_The data:_
--- --- ---

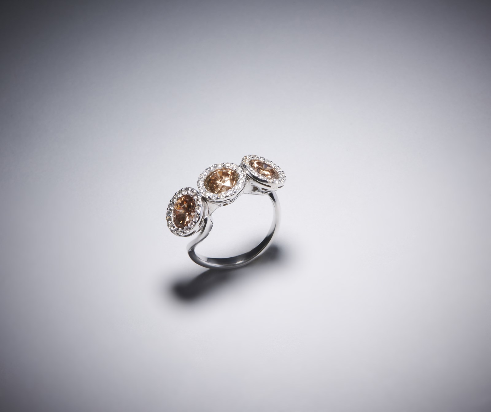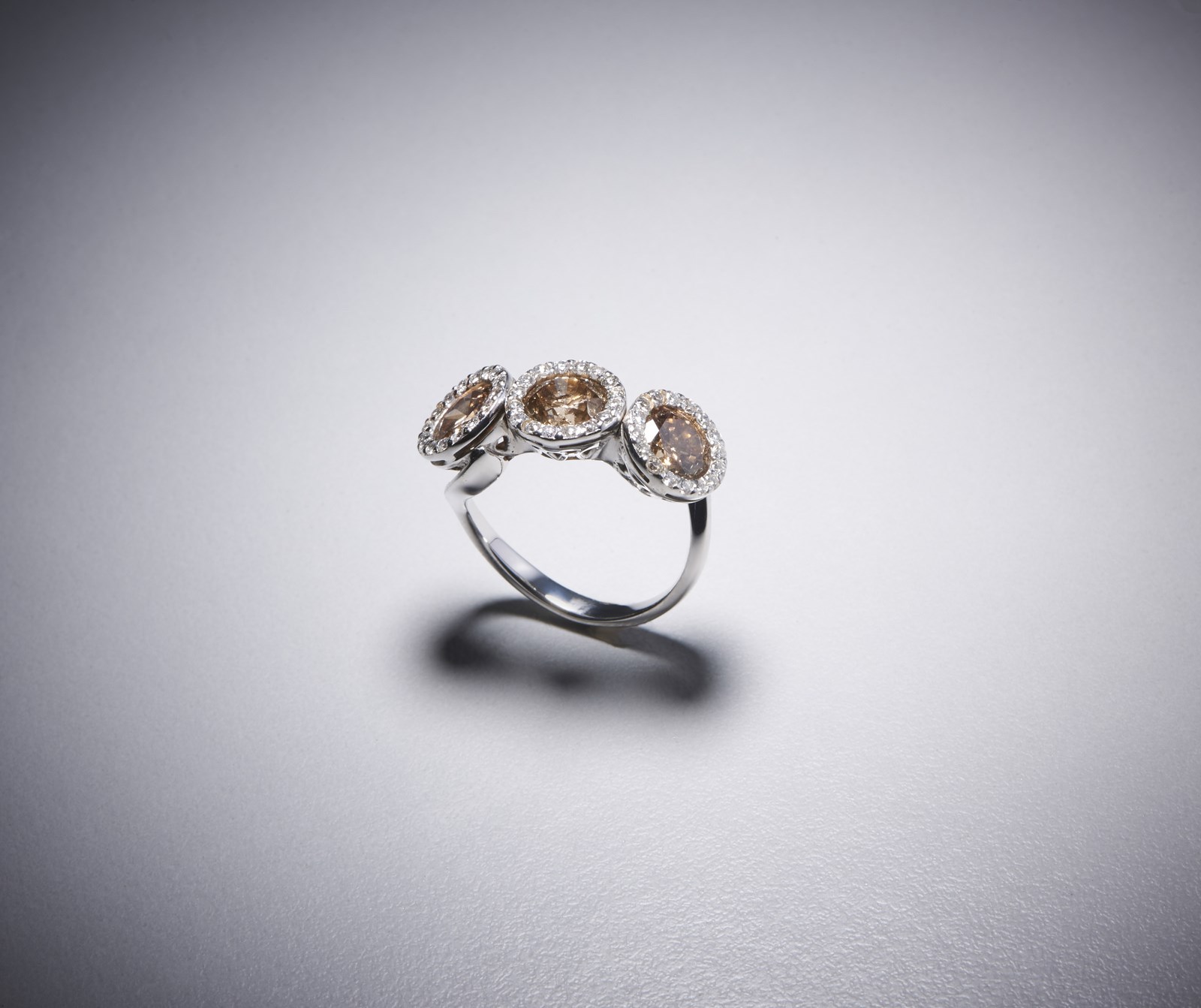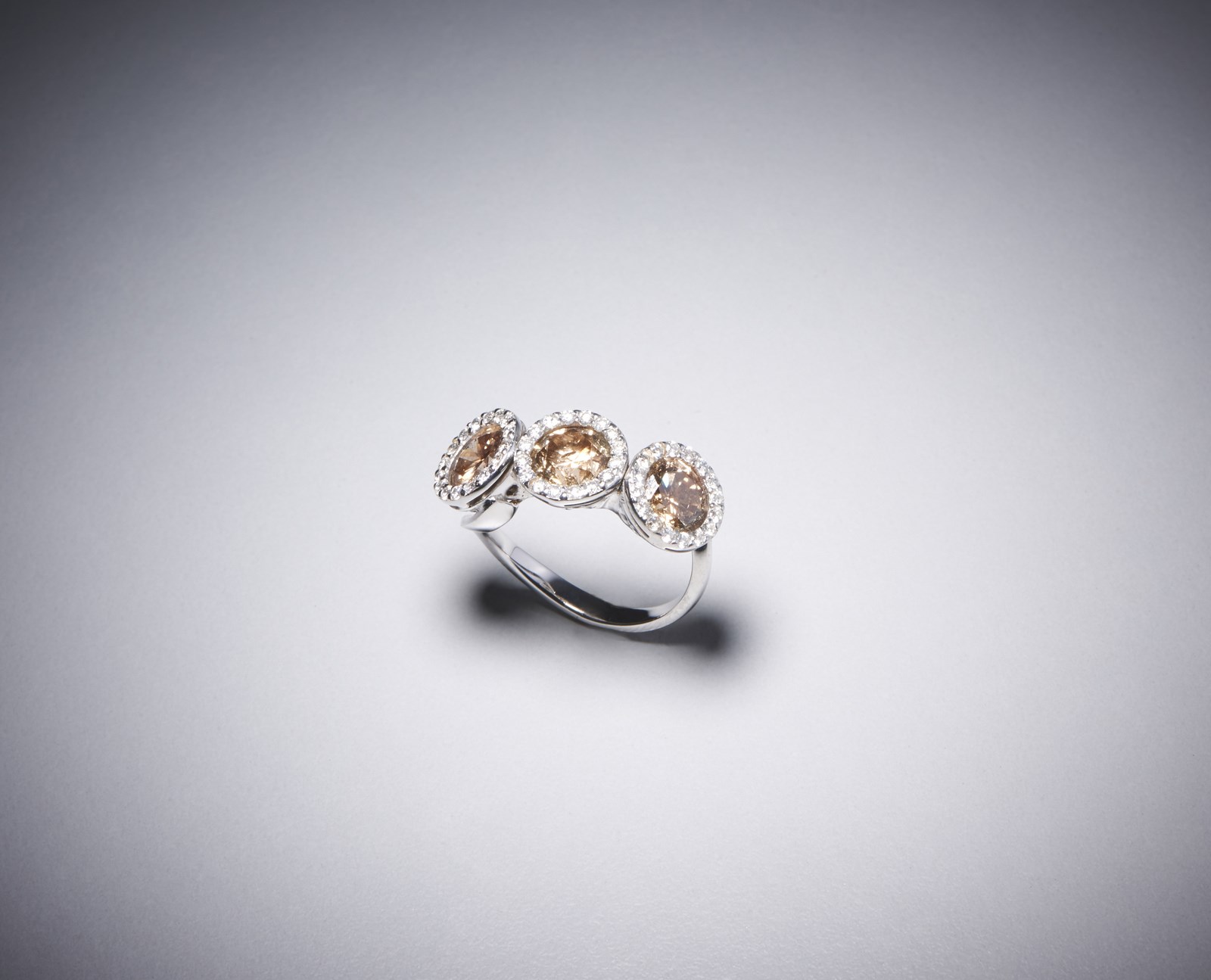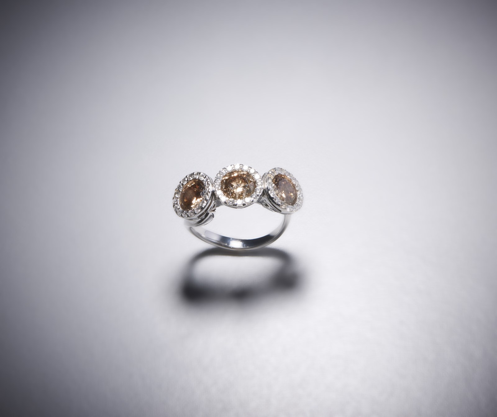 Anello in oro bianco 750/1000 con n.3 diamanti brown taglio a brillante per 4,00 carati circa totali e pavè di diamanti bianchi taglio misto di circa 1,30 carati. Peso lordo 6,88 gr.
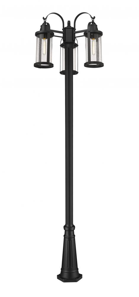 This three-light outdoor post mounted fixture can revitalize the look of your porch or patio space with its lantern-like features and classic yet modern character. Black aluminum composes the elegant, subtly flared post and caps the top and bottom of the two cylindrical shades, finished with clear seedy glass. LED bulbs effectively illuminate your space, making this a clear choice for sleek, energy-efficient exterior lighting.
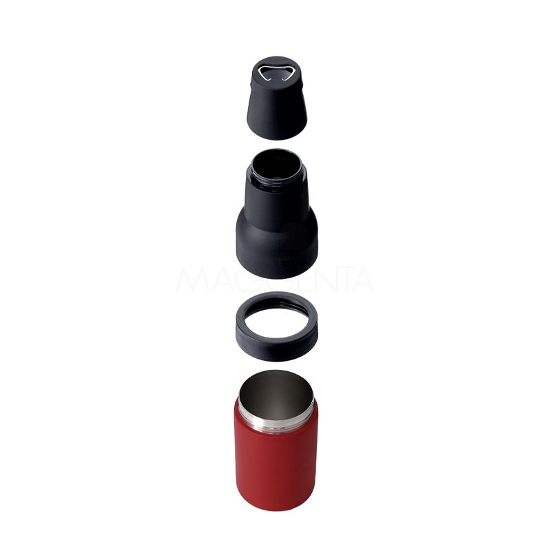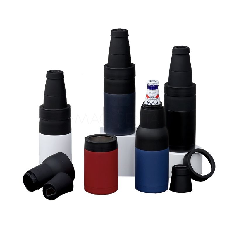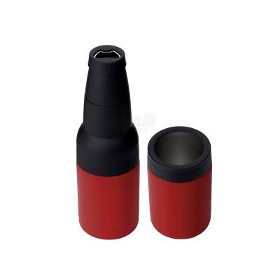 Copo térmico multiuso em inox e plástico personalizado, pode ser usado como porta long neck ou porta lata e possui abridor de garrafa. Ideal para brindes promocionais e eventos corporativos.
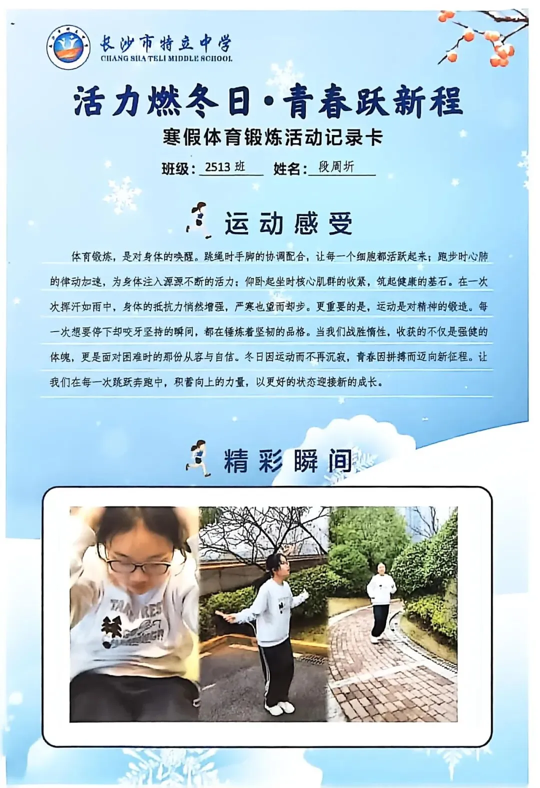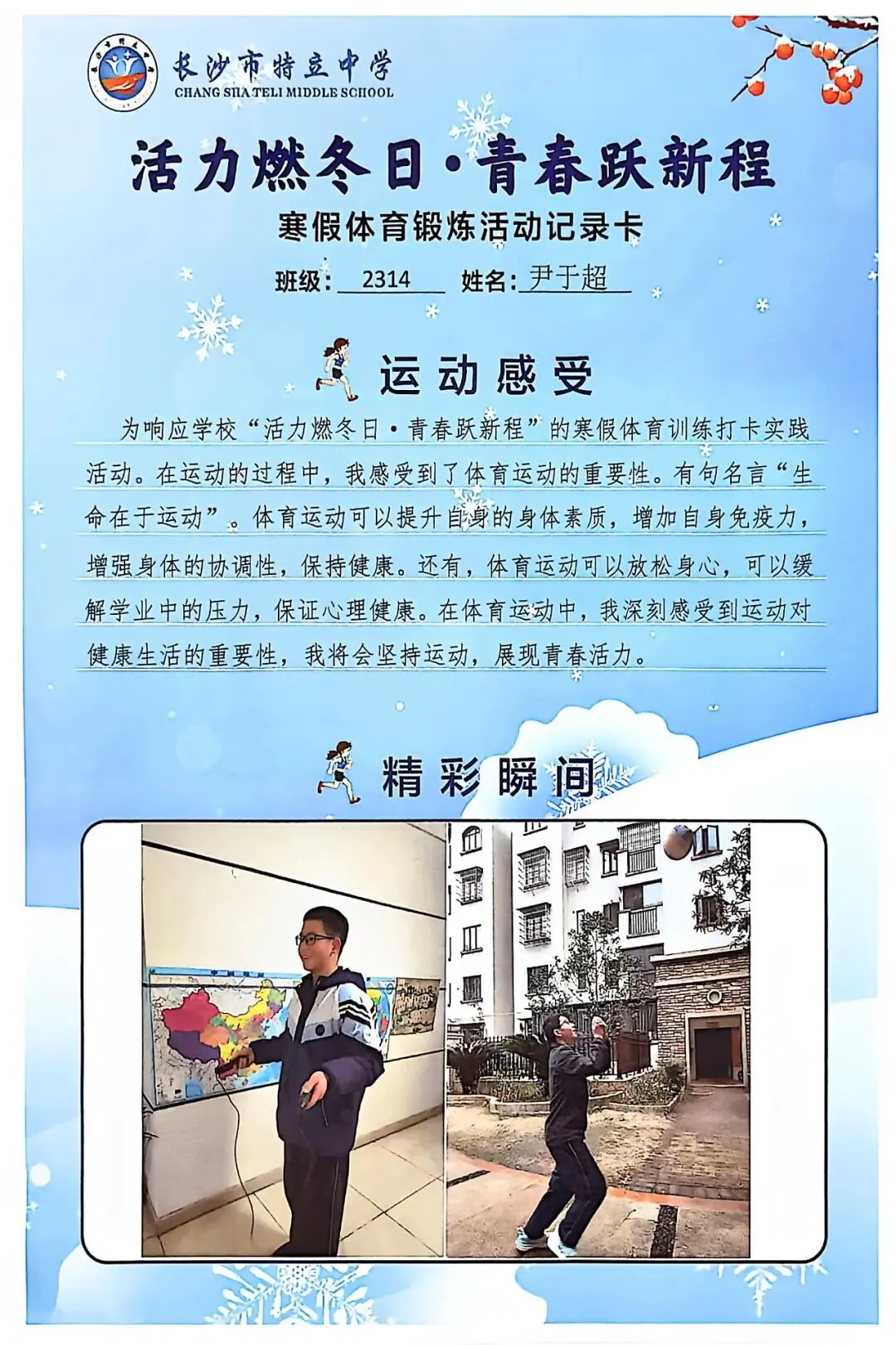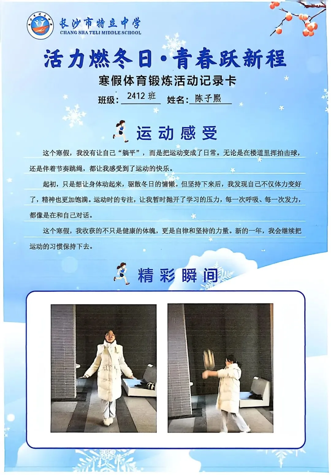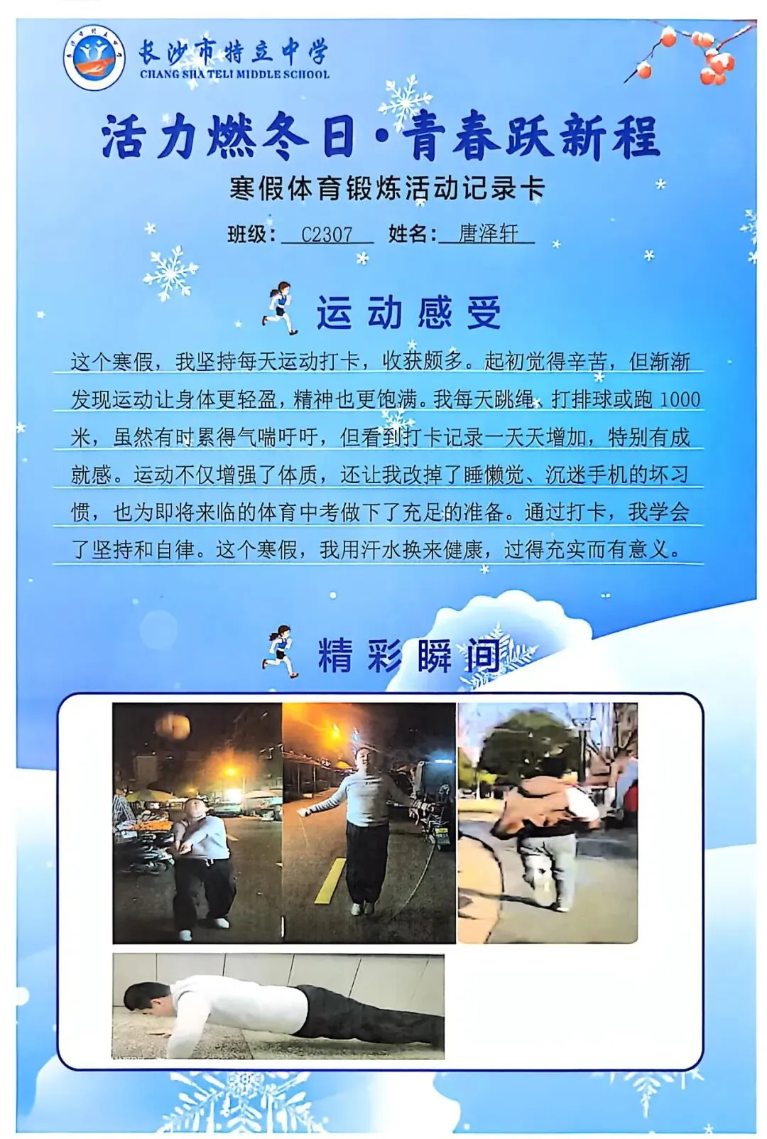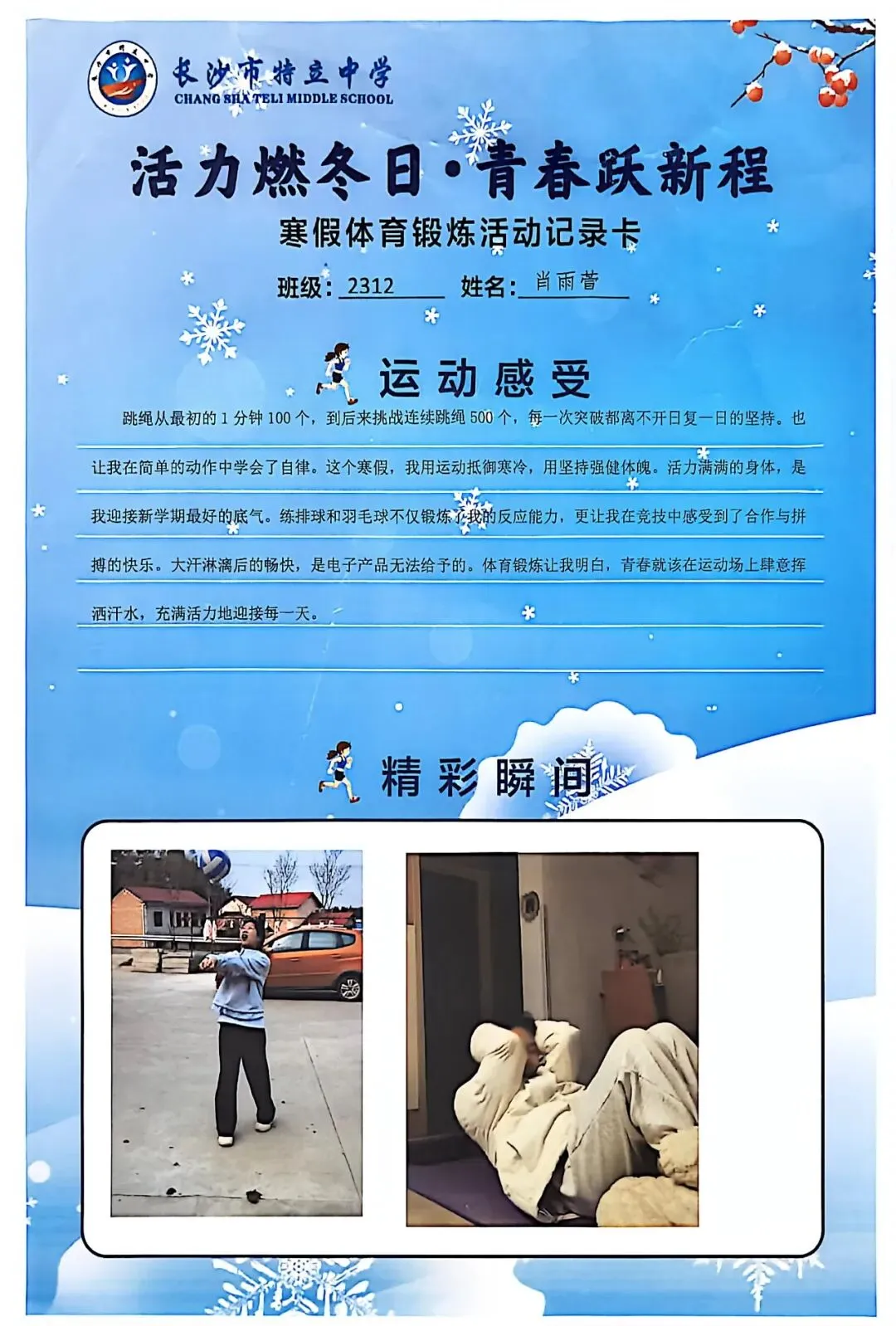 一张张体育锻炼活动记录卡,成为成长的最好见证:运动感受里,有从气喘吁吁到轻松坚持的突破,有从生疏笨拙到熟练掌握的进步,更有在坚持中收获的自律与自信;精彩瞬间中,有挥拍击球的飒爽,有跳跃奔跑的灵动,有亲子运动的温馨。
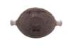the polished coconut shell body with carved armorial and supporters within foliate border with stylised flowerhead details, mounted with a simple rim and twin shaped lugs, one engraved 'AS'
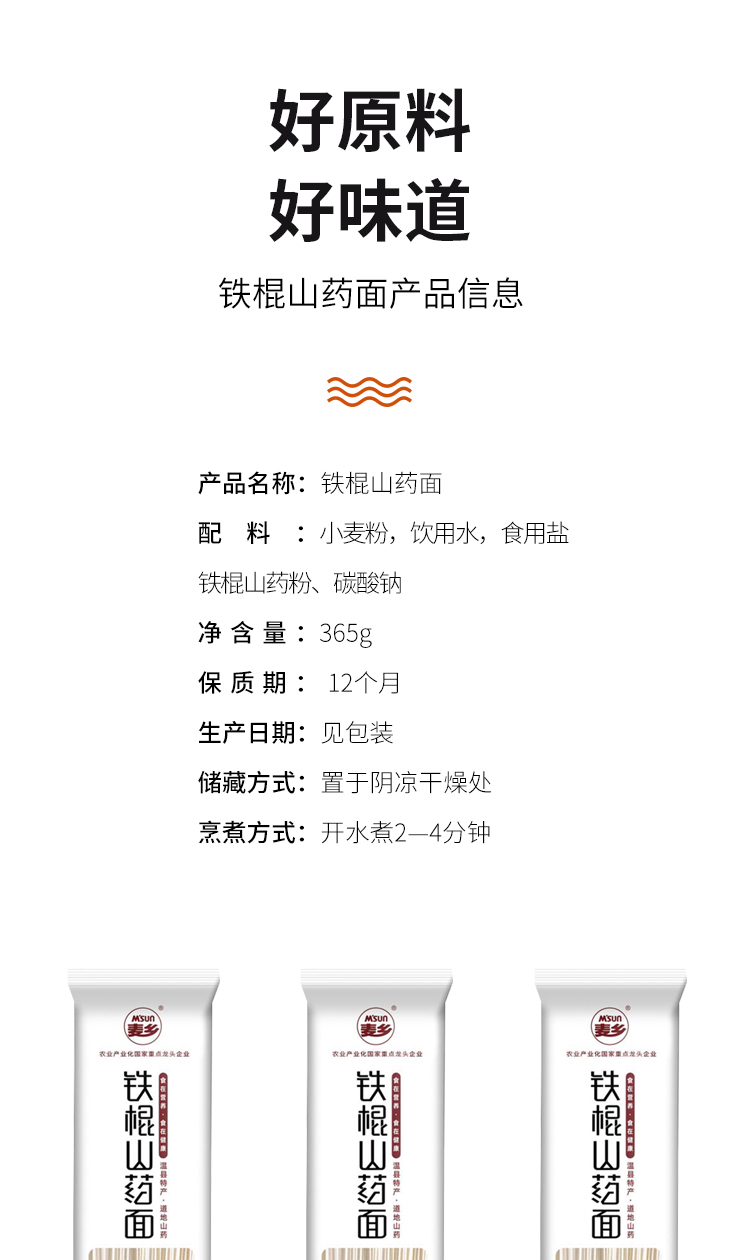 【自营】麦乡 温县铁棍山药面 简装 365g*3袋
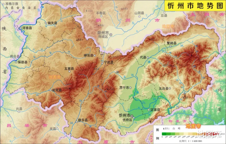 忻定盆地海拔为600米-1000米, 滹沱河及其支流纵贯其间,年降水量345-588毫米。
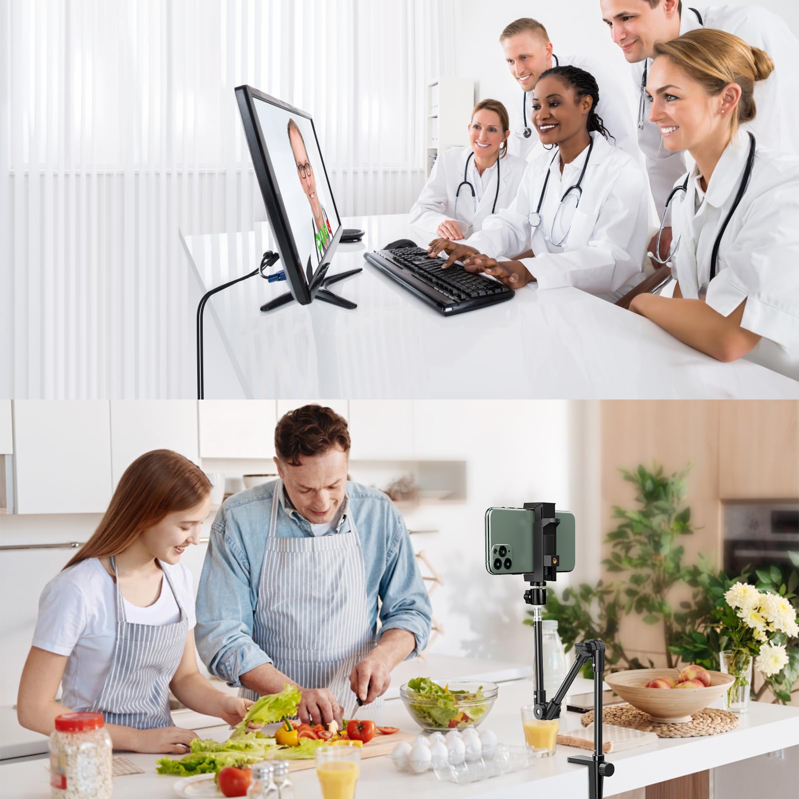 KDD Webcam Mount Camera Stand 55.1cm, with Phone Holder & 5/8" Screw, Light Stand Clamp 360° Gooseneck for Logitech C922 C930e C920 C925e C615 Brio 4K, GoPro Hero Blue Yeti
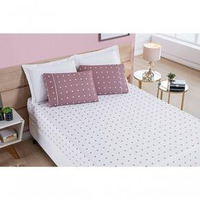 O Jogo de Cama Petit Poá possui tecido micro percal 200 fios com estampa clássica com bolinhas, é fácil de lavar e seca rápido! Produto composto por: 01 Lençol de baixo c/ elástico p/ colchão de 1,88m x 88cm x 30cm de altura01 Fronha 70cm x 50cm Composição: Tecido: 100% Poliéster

--- --- ---

_Directions for this task:_
Everything in the listing except the pictures must be reproduced exactly.

_Task output:_
 Anello in oro bianco 750/1000 con n.3 diamanti brown taglio a brillante per 4,00 carati circa totali e pavè di diamanti bianchi taglio misto di circa 1,30 carati. Peso lordo 6,88 gr.
 This three-light outdoor post mounted fixture can revitalize the look of your porch or patio space with its lantern-like features and classic yet modern character. Black aluminum composes the elegant, subtly flared post and caps the top and bottom of the two cylindrical shades, finished with clear seedy glass. LED bulbs effectively illuminate your space, making this a clear choice for sleek, energy-efficient exterior lighting.
 Copo térmico multiuso em inox e plástico personalizado, pode ser usado como porta long neck ou porta lata e possui abridor de garrafa. Ideal para brindes promocionais e eventos corporativos.
 一张张体育锻炼活动记录卡,成为成长的最好见证:运动感受里,有从气喘吁吁到轻松坚持的突破,有从生疏笨拙到熟练掌握的进步,更有在坚持中收获的自律与自信;精彩瞬间中,有挥拍击球的飒爽,有跳跃奔跑的灵动,有亲子运动的温馨。
the polished coconut shell body with carved armorial and supporters within foliate border with stylised flowerhead details, mounted with a simple rim and twin shaped lugs, one engraved 'AS'
 【自营】麦乡 温县铁棍山药面 简装 365g*3袋
 忻定盆地海拔为600米-1000米, 滹沱河及其支流纵贯其间,年降水量345-588毫米。
 KDD Webcam Mount Camera Stand 55.1cm, with Phone Holder & 5/8" Screw, Light Stand Clamp 360° Gooseneck for Logitech C922 C930e C920 C925e C615 Brio 4K, GoPro Hero Blue Yeti
 O Jogo de Cama Petit Poá possui tecido micro percal 200 fios com estampa clássica com bolinhas, é fácil de lavar e seca rápido! Produto composto por: 01 Lençol de baixo c/ elástico p/ colchão de 1,88m x 88cm x 30cm de altura01 Fronha 70cm x 50cm Composição: Tecido: 100% Poliéster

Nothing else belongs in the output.